SAN FERDINANDO REALE
Angelo Forgione
Piazza san Ferdinando! Così la chiamo, da grande amante della storia di Napoli, invece di Trieste e Trento, odonimo attivato nel 1919 in celebrazione dell’annessione all’Italia delle due città.
La storia del luogo è invece quella di una chiesa firmata da Cosimo Fanzago nella prima metà del Seicento, poi dedicata nel 1767 a san Ferdinando di Castiglia in onore del sedicenne re Ferdinando di Borbone. E fu proprio lui, l’erede di Carlo, a dare, nel 1792, un primo assetto ufficiale e sistematico alla toponomastica e all’odonomastica di Napoli con un editto che stabilì la creazione dei quartieri, dei numeri civici e delle targhe che avrebbero dovuto accompagnare cittadini e viaggiatori del Grand Tour.
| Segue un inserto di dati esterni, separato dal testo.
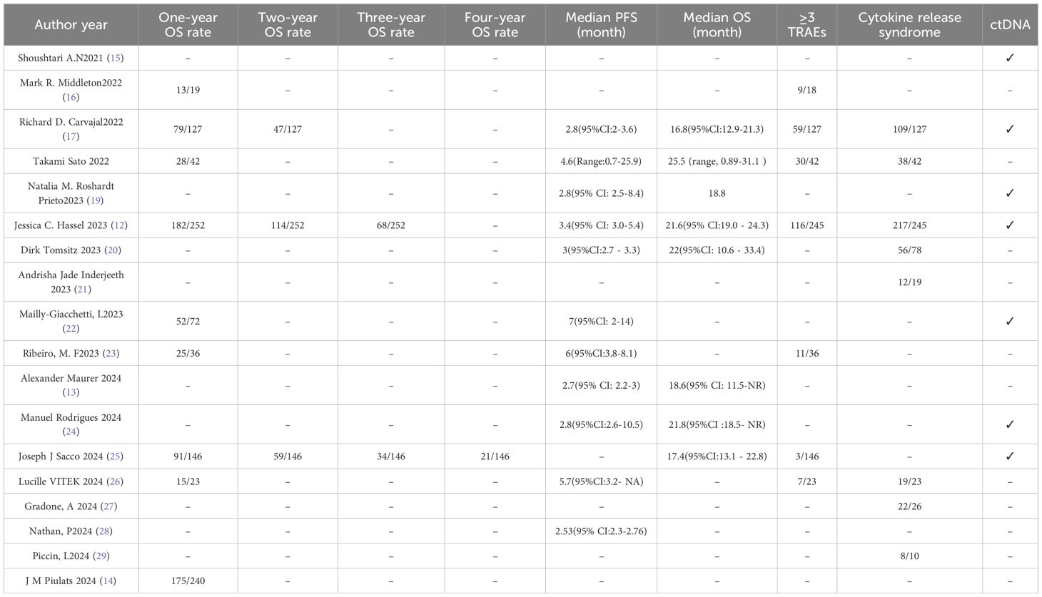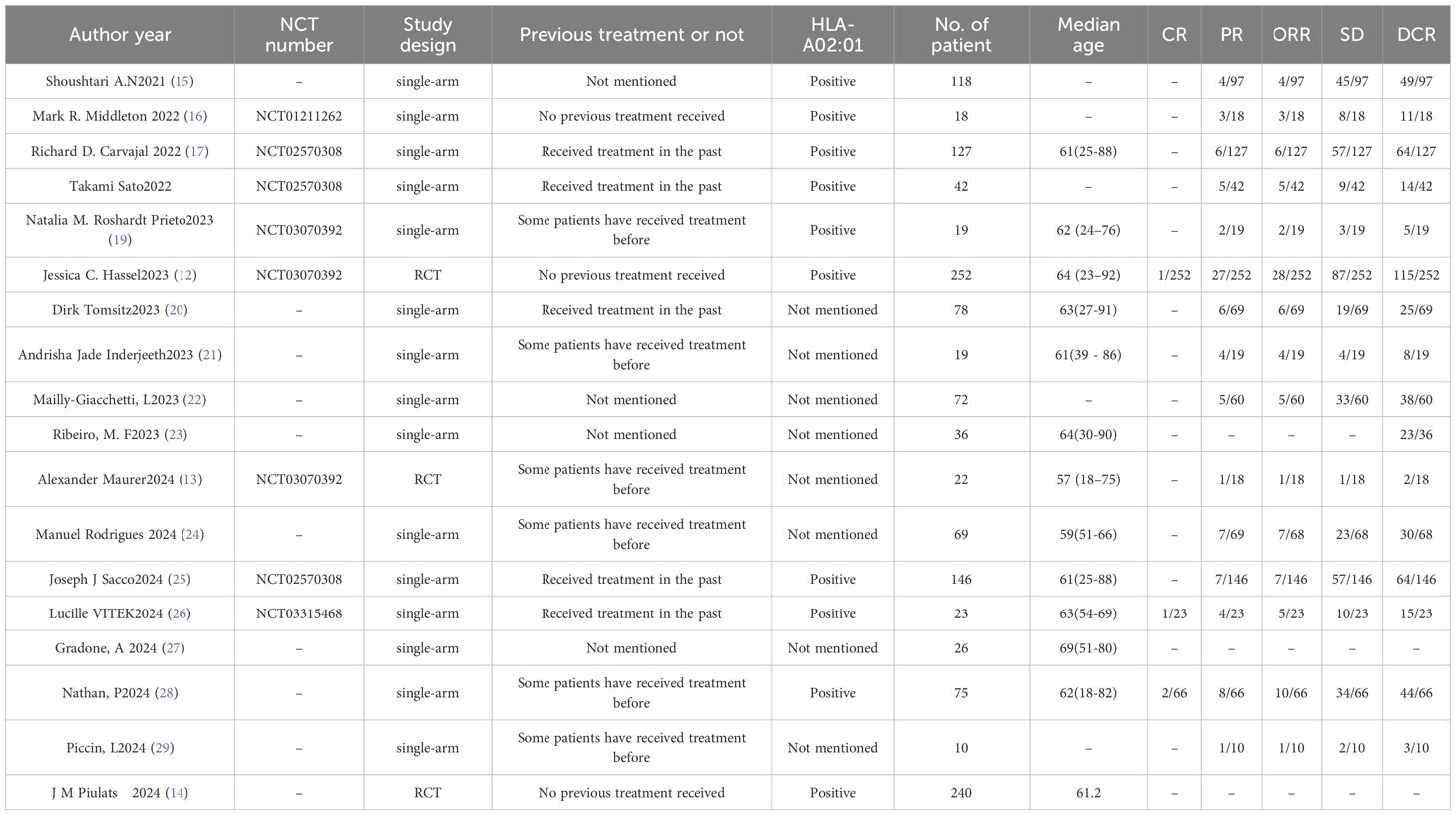 A total of 18 studies meeting predefined inclusion criteria were included in this meta-analysis, encompassing patients with metastatic uveal melanoma treated with tebentafusp. The study designs varied, comprising 3 (12–14) RCTs and 15 (15–29) single-arm studies, with sample sizes ranging from 10 to 252 participants. Most patients were HLA-A*02:01 positive, aligning with tebentafusp’s approved indication. These characteristics collectively provide a comprehensive overview of the study population and intervention strategies, ensuring representative and generalizable findings. Key study attributes are summarized in Tables 1 and 2, while the screening process—from initial search to final inclusion—is visualized in Figure 1.

Anche la piazza e l’intero quartiere furono intitolati a san Ferdinando di Castiglia, detto “il re delle tre religioni” per l’armonia che riuscì a instaurare tra cristiani, ebrei e musulmani; e magari tornasse oggi.
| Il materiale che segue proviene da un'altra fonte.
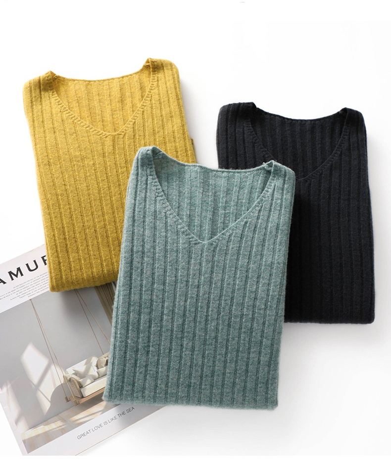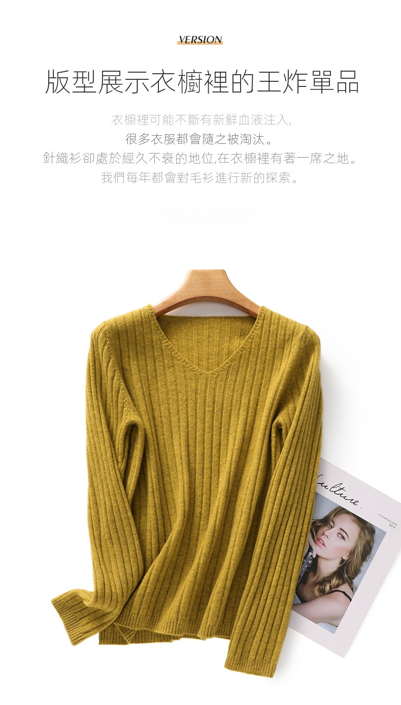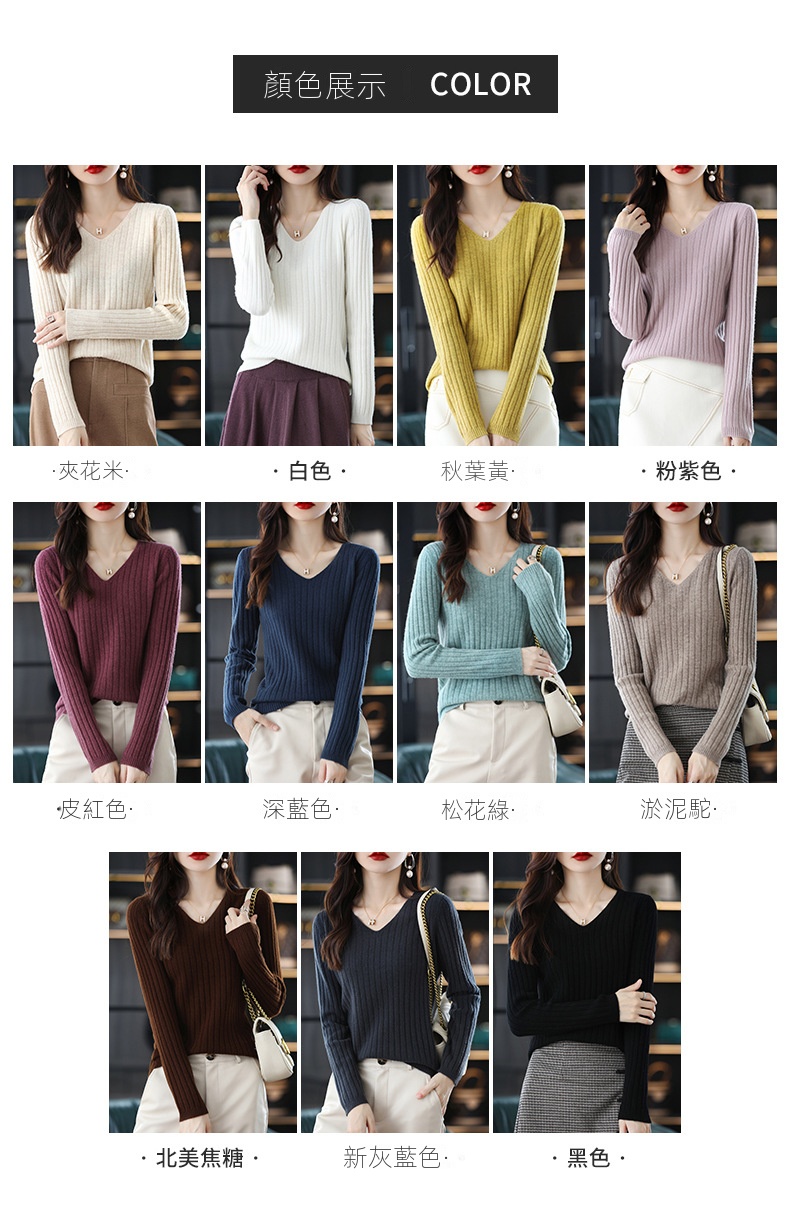 10色百搭純色V領套頭保暖內搭針織長袖

Un quartiere esterno all’antica Neapolis, nato al sorgere del Seicento, a partire dalla costruzione del Palazzo vicereale vecchio, poi sostituito dal nuovo, l’attuale Palazzo Reale.
Nei primi decenni dell’Ottocento, lì di fronte sorse la basilica di san Francesco di Paola, intitolata al santo calabrese che nel tardo Quattrocento aveva predetto a Re Ferrante d’Aragona (Ferran, ovvero Ferdinando in catalano) che quel posto disabitato avrebbe avuto un futuro regale. Un segno di devozione e ringraziamento dello stesso Ferdinando di Borbone al ritorno a Napoli dopo il Congresso di Vienna che aveva restaurato i troni spodestati da Napoleone. Un edificio reale di culto per affermare la fede cattolica di Napoli contro la massoneria anticattolica dei napoleonidi e dei giacobini.
Sulla sommità del pronao, insieme alle statue di Francesco di Paola e della Religione, fu posta anche quella di san Ferdinando di Castiglia.
Chissà se un giorno un sindaco napoletano penserà di ripristinare l’antico odonimo della piazza del “re delle tre religioni” e del Re di Napoli, in rispetto della storia della città, così come fatto nel 1980, vivaddio, per via Toledo.